↓

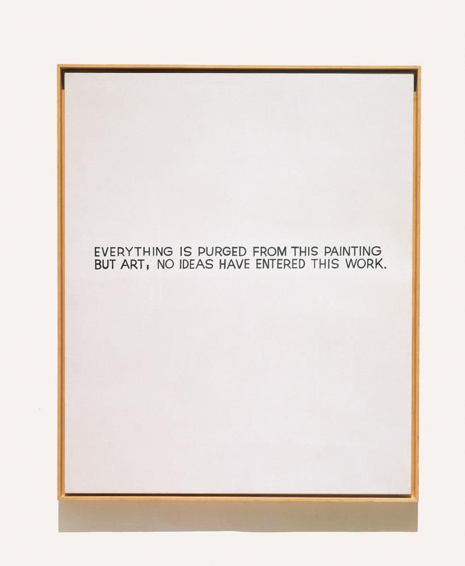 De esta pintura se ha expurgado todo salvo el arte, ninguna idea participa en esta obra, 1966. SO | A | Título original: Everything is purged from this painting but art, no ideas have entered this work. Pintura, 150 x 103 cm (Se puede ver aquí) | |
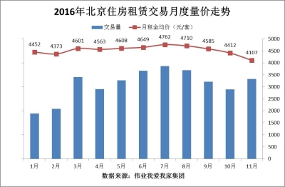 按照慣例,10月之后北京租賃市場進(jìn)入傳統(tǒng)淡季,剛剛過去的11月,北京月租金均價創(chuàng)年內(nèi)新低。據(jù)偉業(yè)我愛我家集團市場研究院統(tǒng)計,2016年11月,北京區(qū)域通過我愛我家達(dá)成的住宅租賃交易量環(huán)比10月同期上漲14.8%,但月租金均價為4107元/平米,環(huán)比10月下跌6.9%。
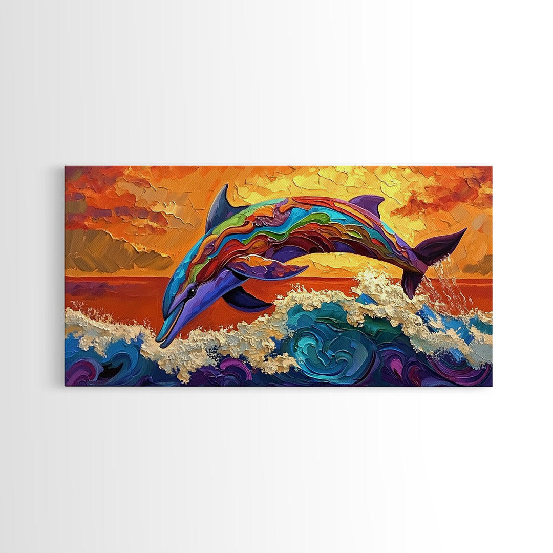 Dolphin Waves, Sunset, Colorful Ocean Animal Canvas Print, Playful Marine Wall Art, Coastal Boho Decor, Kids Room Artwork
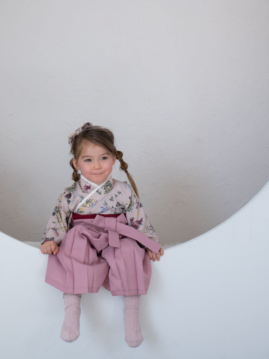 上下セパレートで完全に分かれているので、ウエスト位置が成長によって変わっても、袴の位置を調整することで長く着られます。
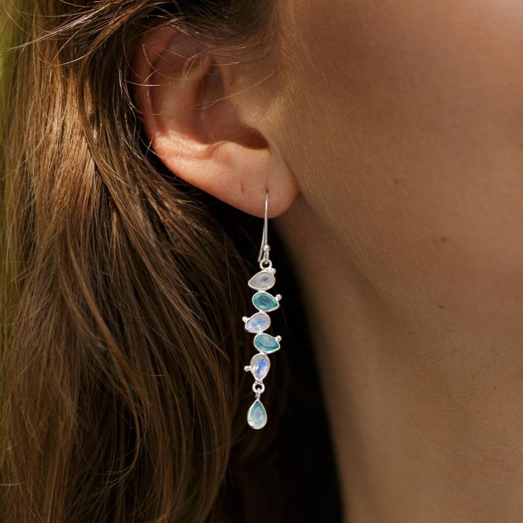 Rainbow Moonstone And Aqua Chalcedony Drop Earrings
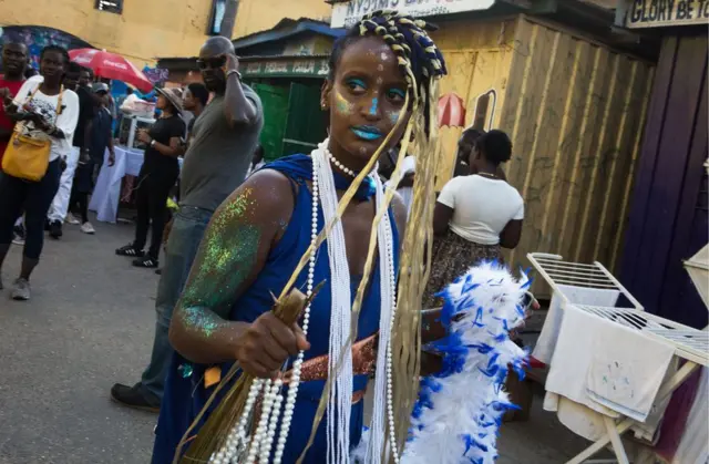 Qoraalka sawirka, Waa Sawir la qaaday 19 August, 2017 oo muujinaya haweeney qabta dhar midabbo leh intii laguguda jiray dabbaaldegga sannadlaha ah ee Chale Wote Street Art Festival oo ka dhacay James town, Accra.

↑
↓

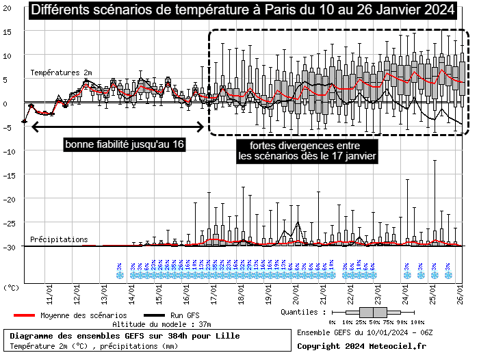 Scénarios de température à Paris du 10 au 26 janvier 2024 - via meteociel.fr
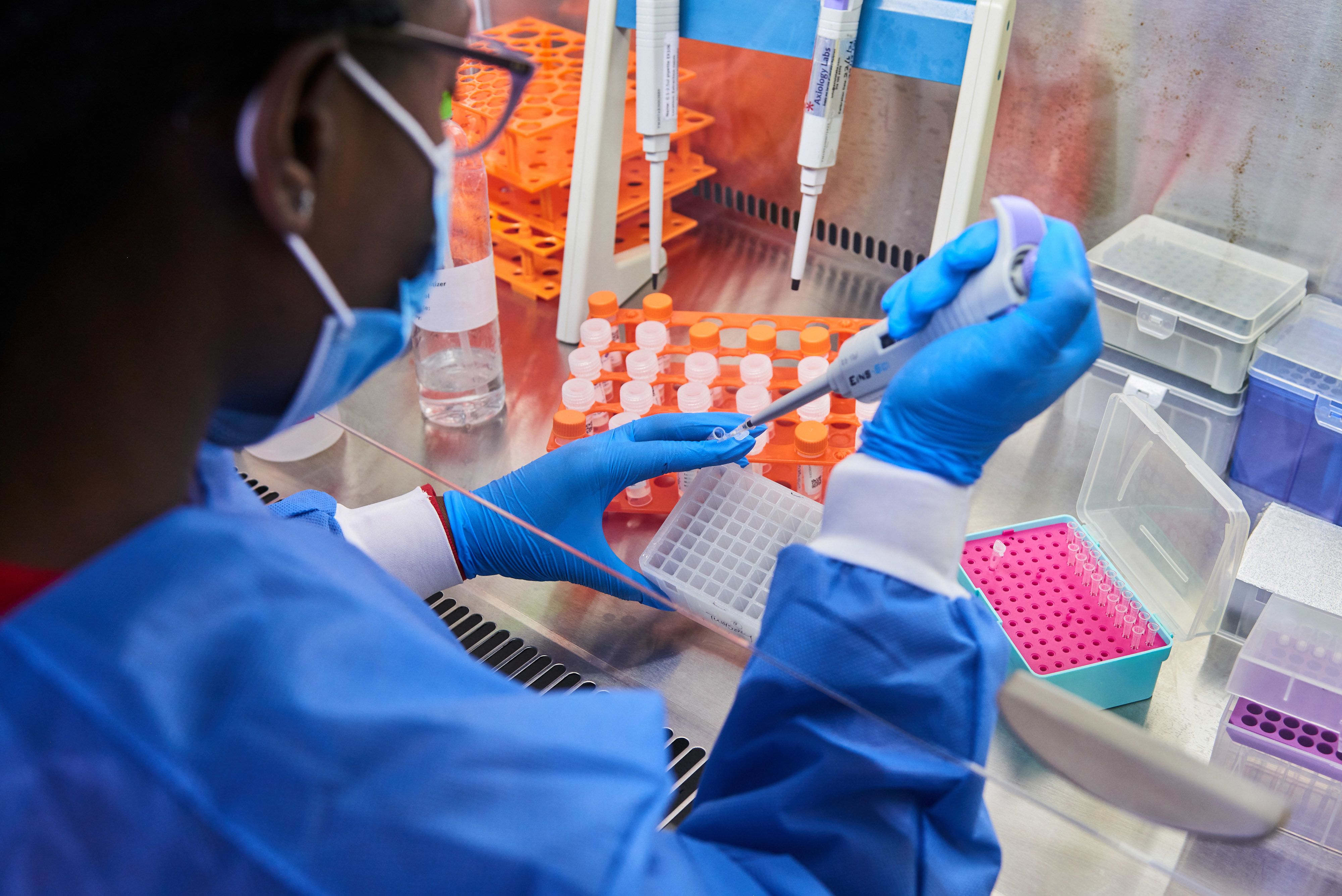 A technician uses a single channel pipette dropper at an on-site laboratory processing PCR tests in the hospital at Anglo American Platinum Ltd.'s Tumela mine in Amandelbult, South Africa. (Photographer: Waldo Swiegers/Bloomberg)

↑

• ACTIVITY
For this exercise, set down the lines in the entries above from the one with "Scénarios de température" through the one with "A technician uses" exactly as written, without any pictures.

• OUTPUT FOR THIS TASK
 Scénarios de température à Paris du 10 au 26 janvier 2024 - via meteociel.fr
 A technician uses a single channel pipette dropper at an on-site laboratory processing PCR tests in the hospital at Anglo American Platinum Ltd.'s Tumela mine in Amandelbult, South Africa. (Photographer: Waldo Swiegers/Bloomberg)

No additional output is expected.